TASK INSTRUCTIONS. Beginning with the line that holds "Denna kostym är", copy every remaining line of the listing below exactly, and leave the pictures out.

DATA SUPPLIED.
========
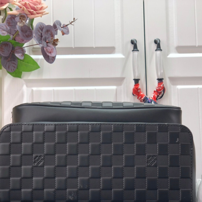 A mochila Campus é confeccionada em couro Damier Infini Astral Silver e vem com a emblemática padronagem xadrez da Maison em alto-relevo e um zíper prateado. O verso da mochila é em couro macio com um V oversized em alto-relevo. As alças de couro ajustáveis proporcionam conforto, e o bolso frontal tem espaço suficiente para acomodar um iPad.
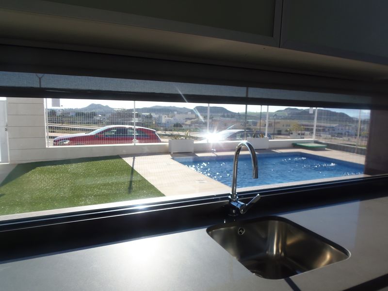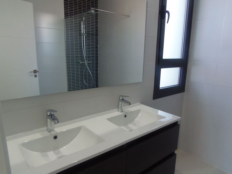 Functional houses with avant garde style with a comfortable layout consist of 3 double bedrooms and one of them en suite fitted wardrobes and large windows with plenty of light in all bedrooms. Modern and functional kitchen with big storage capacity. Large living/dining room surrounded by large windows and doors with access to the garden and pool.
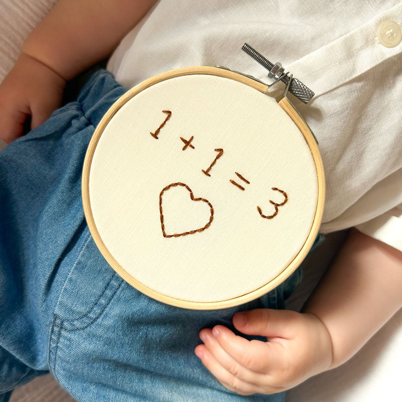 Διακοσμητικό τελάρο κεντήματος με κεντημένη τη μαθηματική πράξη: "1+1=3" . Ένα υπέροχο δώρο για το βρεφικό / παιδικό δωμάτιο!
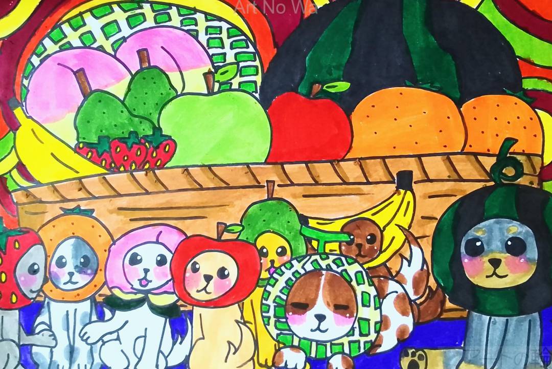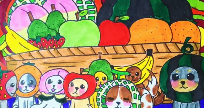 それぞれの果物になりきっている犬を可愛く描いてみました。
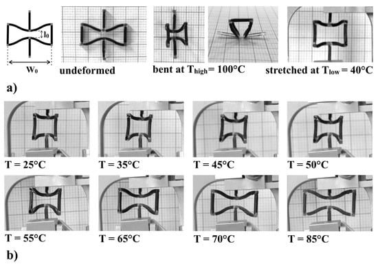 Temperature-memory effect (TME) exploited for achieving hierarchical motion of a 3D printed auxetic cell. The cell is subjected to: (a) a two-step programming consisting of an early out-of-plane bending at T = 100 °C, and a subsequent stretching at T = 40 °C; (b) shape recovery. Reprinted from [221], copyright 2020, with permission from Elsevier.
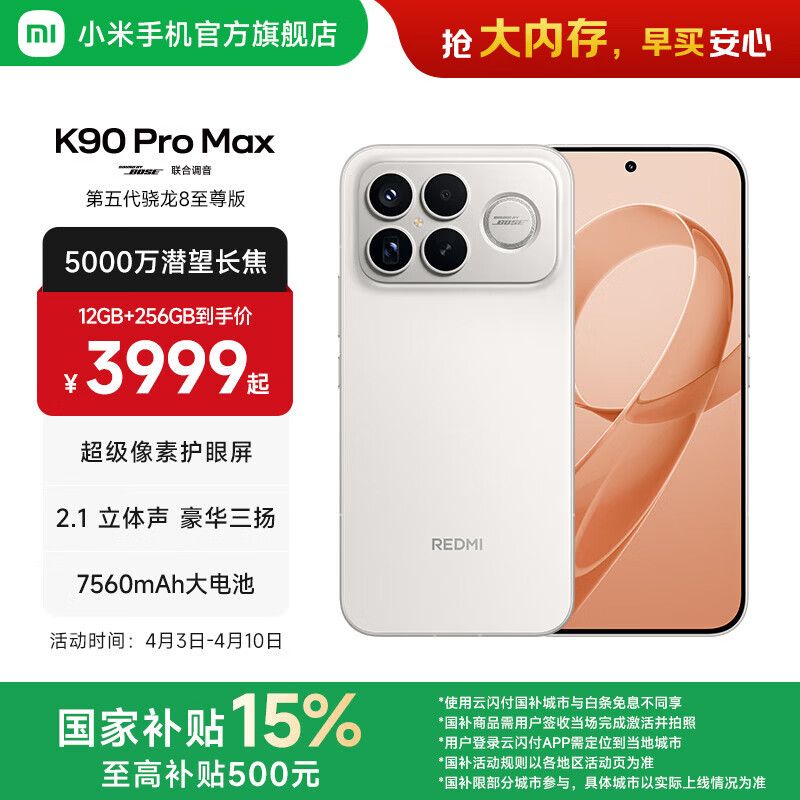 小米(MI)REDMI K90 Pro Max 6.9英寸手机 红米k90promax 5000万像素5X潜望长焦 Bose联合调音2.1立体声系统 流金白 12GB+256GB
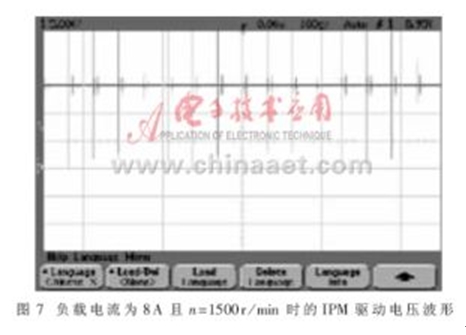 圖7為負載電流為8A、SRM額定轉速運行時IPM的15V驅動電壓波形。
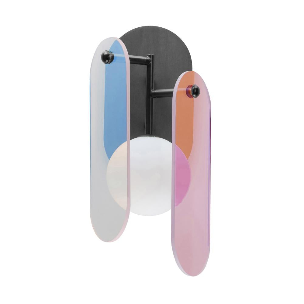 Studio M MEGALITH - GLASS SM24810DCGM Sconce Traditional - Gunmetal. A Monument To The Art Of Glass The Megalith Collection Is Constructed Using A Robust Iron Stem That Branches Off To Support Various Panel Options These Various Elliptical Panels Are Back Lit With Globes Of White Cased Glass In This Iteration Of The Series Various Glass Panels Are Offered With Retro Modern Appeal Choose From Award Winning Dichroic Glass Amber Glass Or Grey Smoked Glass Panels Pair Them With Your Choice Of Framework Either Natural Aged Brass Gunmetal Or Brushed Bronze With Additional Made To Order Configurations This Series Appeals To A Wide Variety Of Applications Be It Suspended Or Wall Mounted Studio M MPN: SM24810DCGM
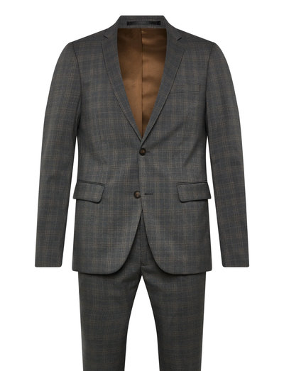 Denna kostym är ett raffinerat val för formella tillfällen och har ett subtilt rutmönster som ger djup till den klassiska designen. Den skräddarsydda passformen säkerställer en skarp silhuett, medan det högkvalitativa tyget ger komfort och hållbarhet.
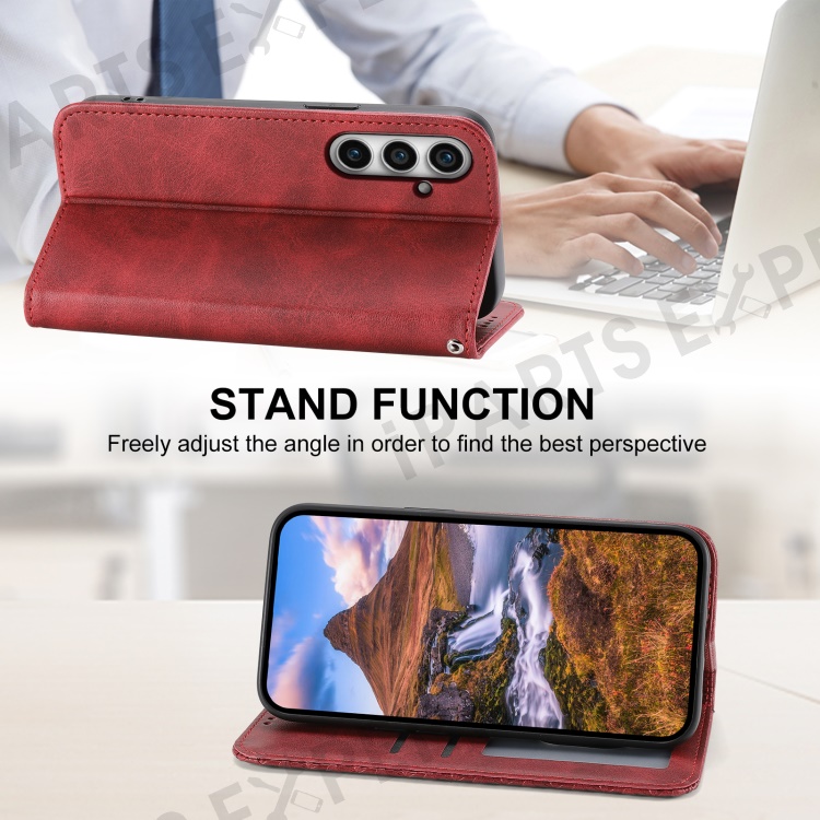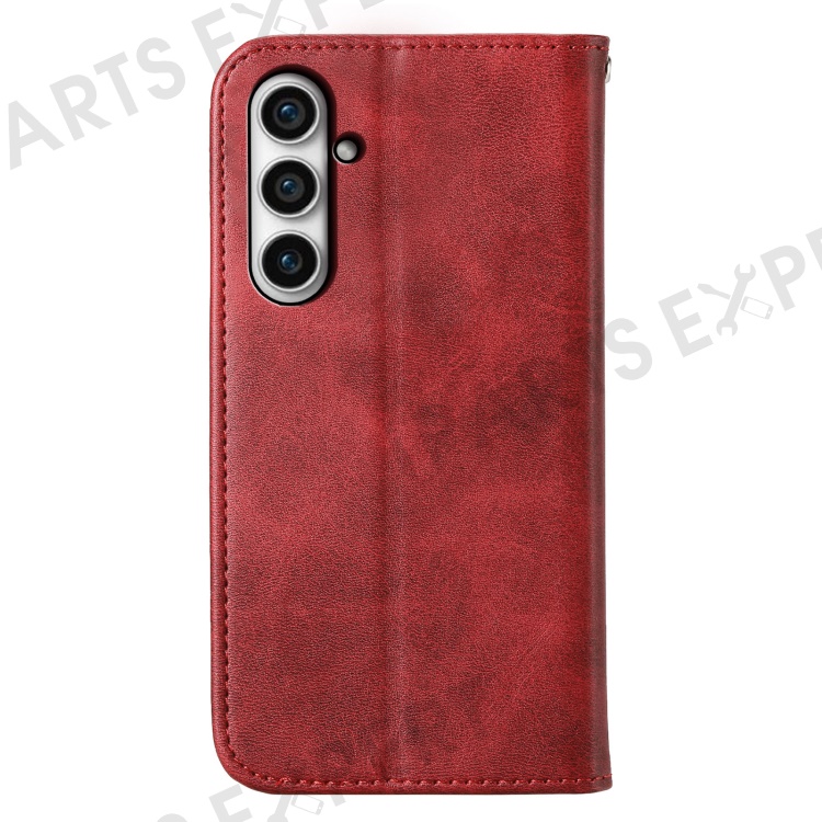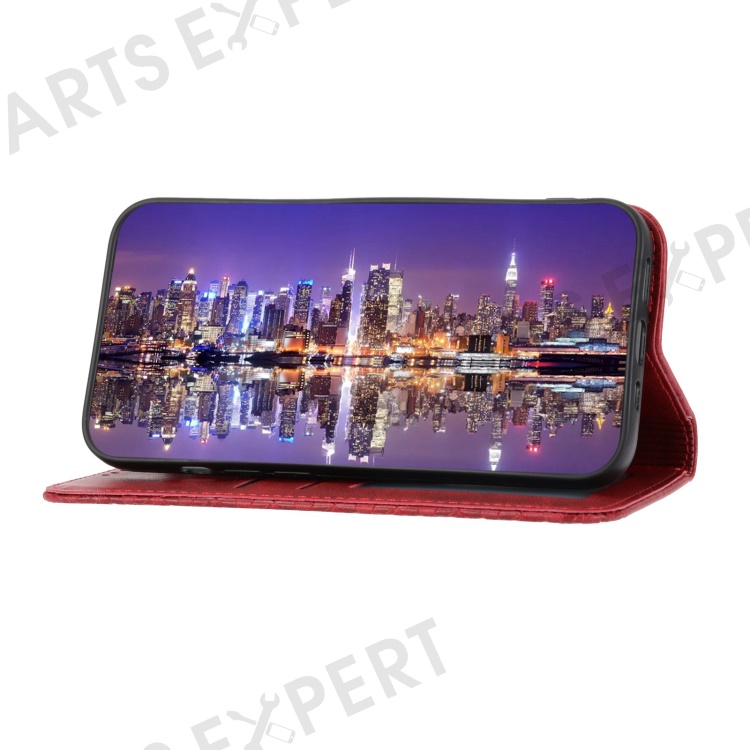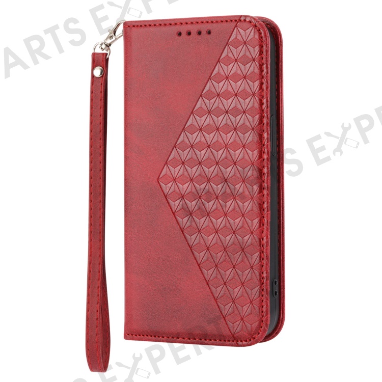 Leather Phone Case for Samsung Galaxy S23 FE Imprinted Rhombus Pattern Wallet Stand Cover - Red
========
REPLY.
 Denna kostym är ett raffinerat val för formella tillfällen och har ett subtilt rutmönster som ger djup till den klassiska designen. Den skräddarsydda passformen säkerställer en skarp silhuett, medan det högkvalitativa tyget ger komfort och hållbarhet.
 Leather Phone Case for Samsung Galaxy S23 FE Imprinted Rhombus Pattern Wallet Stand Cover - Red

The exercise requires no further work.